(REPOST: Automotive News Europe)

For almost a decade, Ghosn has been the industry’s biggest cheerleader for electric vehicles — predicting their rise, touting the logic of their technology and suffering all the slings and arrows of critics who said he was wrong.

Ahead of his competitors, Ghosn bullishly invested $5 billion in 2010 and 2011 to build mass-market EV assembly lines and battery plants in the U.S., Europe and Japan for the two automakers he oversaw, Nissan Motor and Renault.

Many in the industry shrugged off EV technology, saying consumers weren’t interested. But now, automakers from BMW to Volkswagen are scrambling to electrify their vehicle portfolios. Toyota, General Motors, Ford, Daimler, Jaguar Land Rover and Volvo all have revealed big EV product plans in recent months.

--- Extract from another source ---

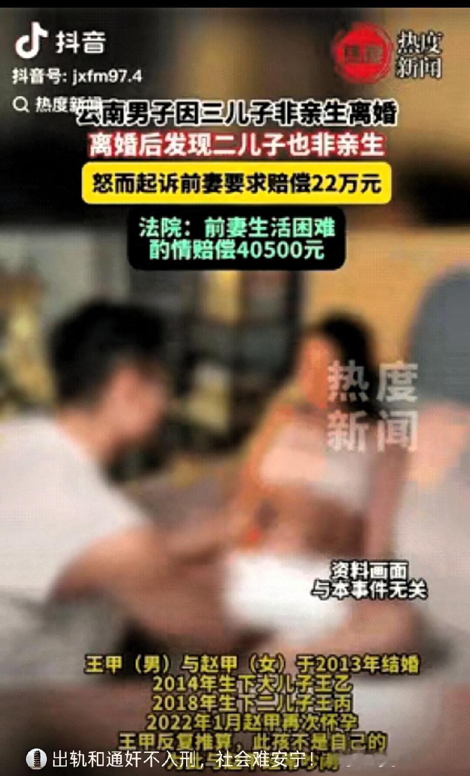 云南昆明,妻子怀上第3胎,男子一算日子不对劲,两人争吵后协议离婚 昆明的王某与前妻赵某在2014年同居,同年生下大儿子,2017年补办结婚证,2018年二儿子出生,一家四口的日子看似平淡安稳。为了撑起这个家,王某每天加班加点挣钱,从不敢有丝毫懈怠。 转折发生在2022年,赵某第三次怀孕,王某仔细核算同房日期后,发现时间对不上,两人为此多次争吵,感情彻底破裂,同年12月协议离婚。 离婚协议约定大儿子归王某抚养,二儿子归赵某抚养,双方互不支付抚养费,财产各自分配,当时并未提及亲子鉴定一事。 离婚后的三年里,街坊邻居偶尔打趣二儿子长得不像王某,这话像针一样扎在他心上。2025年11月,王某带着两个儿子去做亲子鉴定,结果显示大儿子是亲生,二儿子却与他没有血缘关系,这个结果让他难以接受。 想到自己多年来为二儿子支付学费、添置衣物,尽心尽力抚养,王某越想越气愤,随即起诉前妻,要求返还欺诈性抚养费并赔偿精神损失,合计22万余元。 法院审理后认为,赵某在婚姻关系存续期间隐瞒二儿子非王某亲生的事实,违背了夫妻忠实义务,给王某造成了精神痛苦。 最终判决赵某返还抚养费2.55万元,支付精神损害抚慰金1.5万元,合计4.05万元,其余诉求因证据不足被驳回,原财产分割协议保持不变。 这件事警醒着每一对夫妻,忠诚是婚姻的基石,任何隐瞒和欺骗,最终都会给彼此带来难以磨灭的伤害。离婚时面对存疑的问题,也应及时通过合法途径核实,避免日后滋生更多纠纷。

“Now they come,” Ghosn quips of the growing industry trend. “Everybody’s coming. The reality appears more clearly to a lot of people today.”

Ghosn in September unveiled a six-year business plan for the newly renamed Renault-Nissan-Mitsubishi Alliance, of which he is CEO, to create 12 electric models worldwide.

The 12 will be jointly developed by the alliance and sold through Renault, Nissan and Mitsubishi brands. And many more models will follow those, he hints during an interview last week at the alliance’s Manhattan offices.